The evolution of abstraction layers
So what new types of abstraction layers might emerge and how do these abstraction layers relate to AGI? I think it’s difficult to say for sure, but if AI doesn’t have the same cognitive limitations as us humans, I think the one thing that we can guarantee is that they will look a lot different than what we’re used to. When it comes to programming languages, perhaps instead of a set of instructions like in traditional code, it might reason through a feedback loop of goal setting and action simulation, choosing actions based on learned reward patterns. As a result, the system would be inherently dynamic and continually optimize the reward function.
Other potential evolutions might involve a convergence of data and code. This would result in dynamic entities that merge behavior and state, resulting in systems that more closely resemble organisms in the real world, adapting and changing as the environment around them changes.

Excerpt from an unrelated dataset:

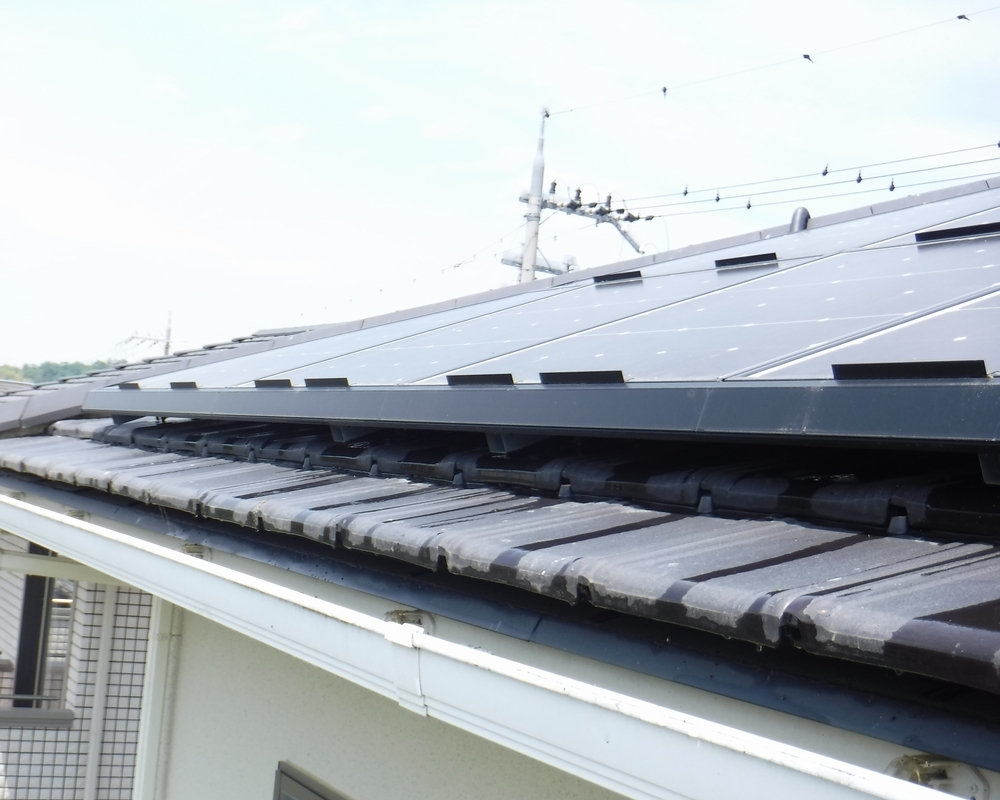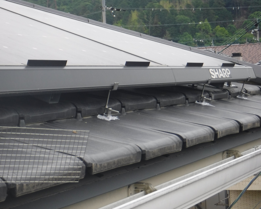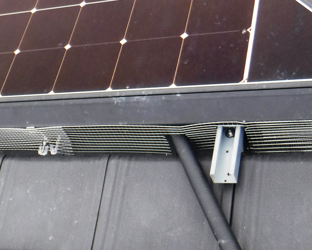 こちらの住宅は森や田園に囲まれており、トンビやカラス、ハト、スズメなど色々な鳥が飛び交う地域。去年の秋頃からハトが太陽光パネルの隙間をねぐらにしている様子。対策としてバードブロッカーを設置。

And like a living organism, perhaps what’s happening inside the system is invisible to us, like a black box. In this world, debugging becomes more like brain science. We’ll need new tools analogous to X-Rays and MRIs to get a sense for what’s happening in the system. And instead of interpreting logic and syntax, we’ll have to identify patterns, weights, and probabilities. Understanding the system becomes less about reading code and more about observing behavior and inspecting inputs/outputs. Early in the development process we’re likely to spend more time considering the right reward functions and less time thinking about control flow.

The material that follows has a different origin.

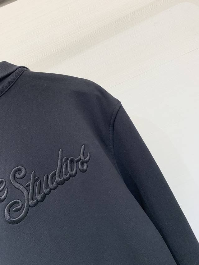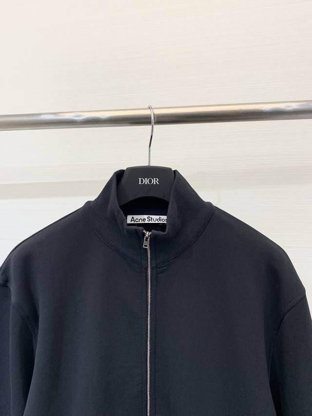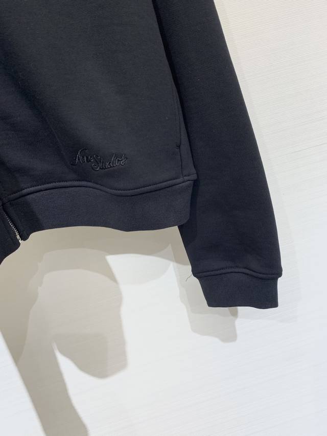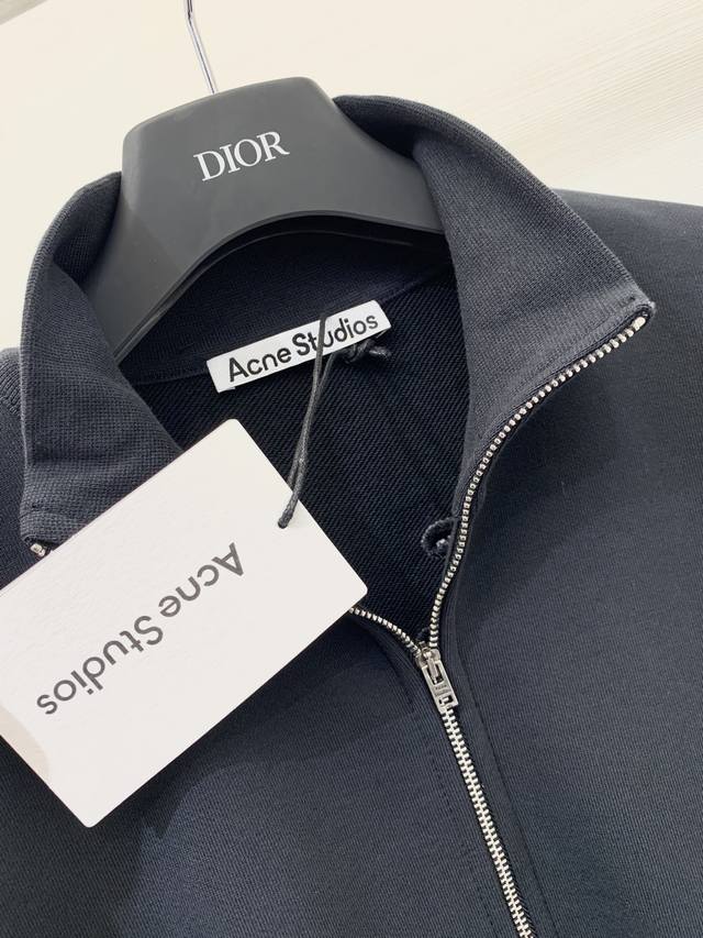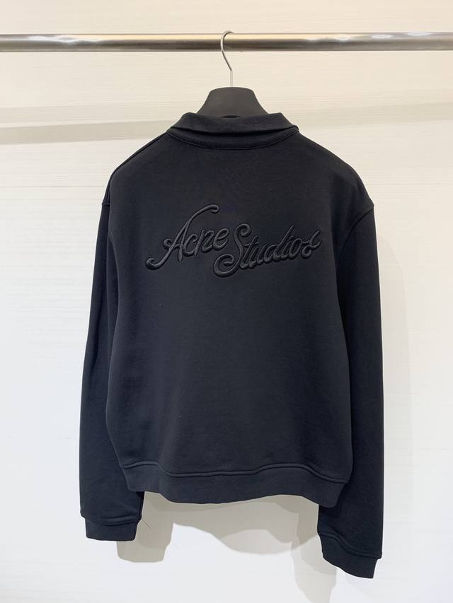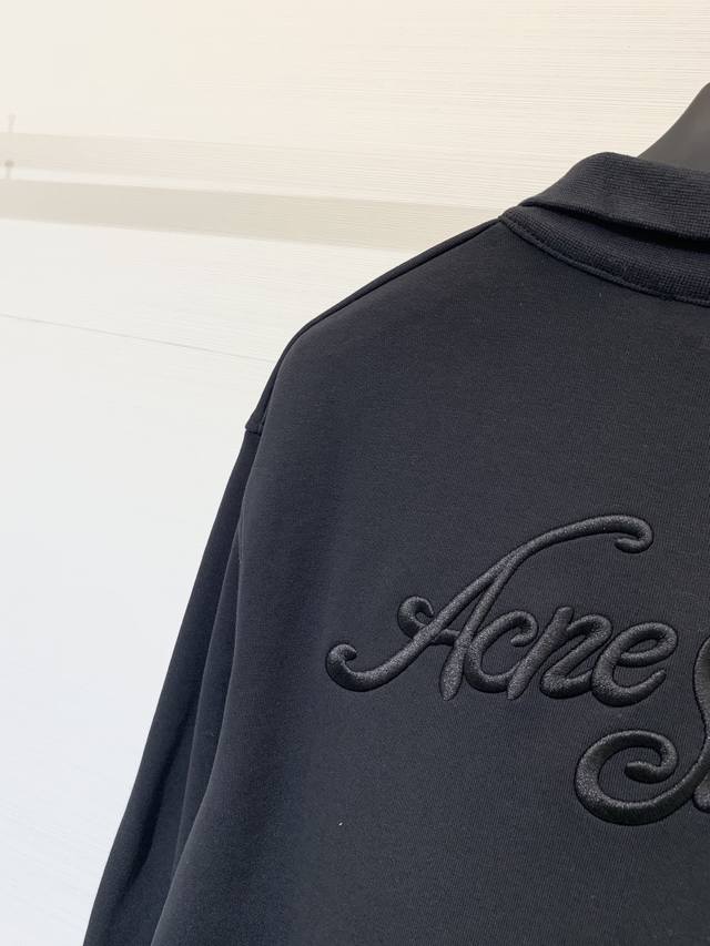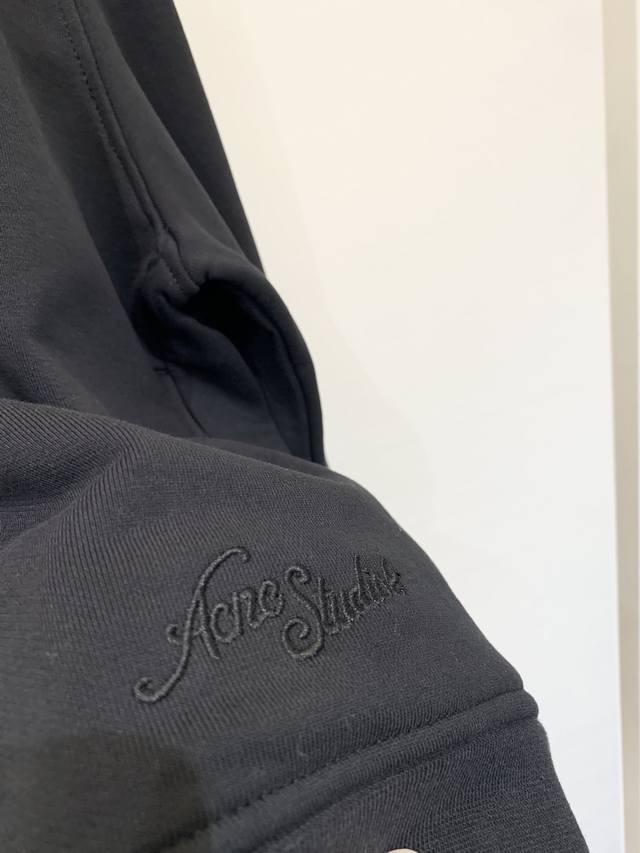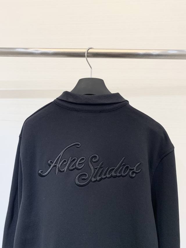 Acnestudios Autumn/Winter 25 collection. Long-sleeved cardigan with washed, distressed, and hand-worn embroidery of English letters on the back. Basic yet detailed, this cardigan features a loose silhouette. Available in sizes XS, S, M, L, and

In terms of identifying the boundary between AI and AGI, I think a good litmus test is how well we can reason about the black box. Once AI is building abstractions that exceed our cognitive limits, we have likely crossed the boundary into AGI. For example, if systems are inherently dynamic and evolving independently as they optimize their various reward functions, it’s likely the pace of change within the system will be rapid; constantly changing like the water in the ocean, never fully static. Making sense of such a complex system will be difficult to impossible. In general, I think when we collectively reach a point of confusion and are unable to keep up with the rapid pace of change, we’ve likely crossed the AGI boundary. Like many things in life, I suspect the transition from AI to AGI will involve many small incremental changes over time, eventually culminating in the realization and acceptance that AGI has arrived.
Conclusion
I find exploring answers to these questions fascinating. It’s unclear what the future holds, but I’m excited to see what new abstractions unfold as things evolve. My sense is that vibe coding will be a short fad that leads towards a more general “vibe prompting” approach to solving complex real world problems. Perhaps GenAI will be able to create abstractions for complex issues like climate change, geopolitics, or societal issues. The question is, will we be able to understand the abstractions? What do we do when we don’t understand how GenAI creates these abstractions and solves these problems? Does it matter? How much trust should we put into things we don’t understand? Answering these questions is beyond my cognitive limits.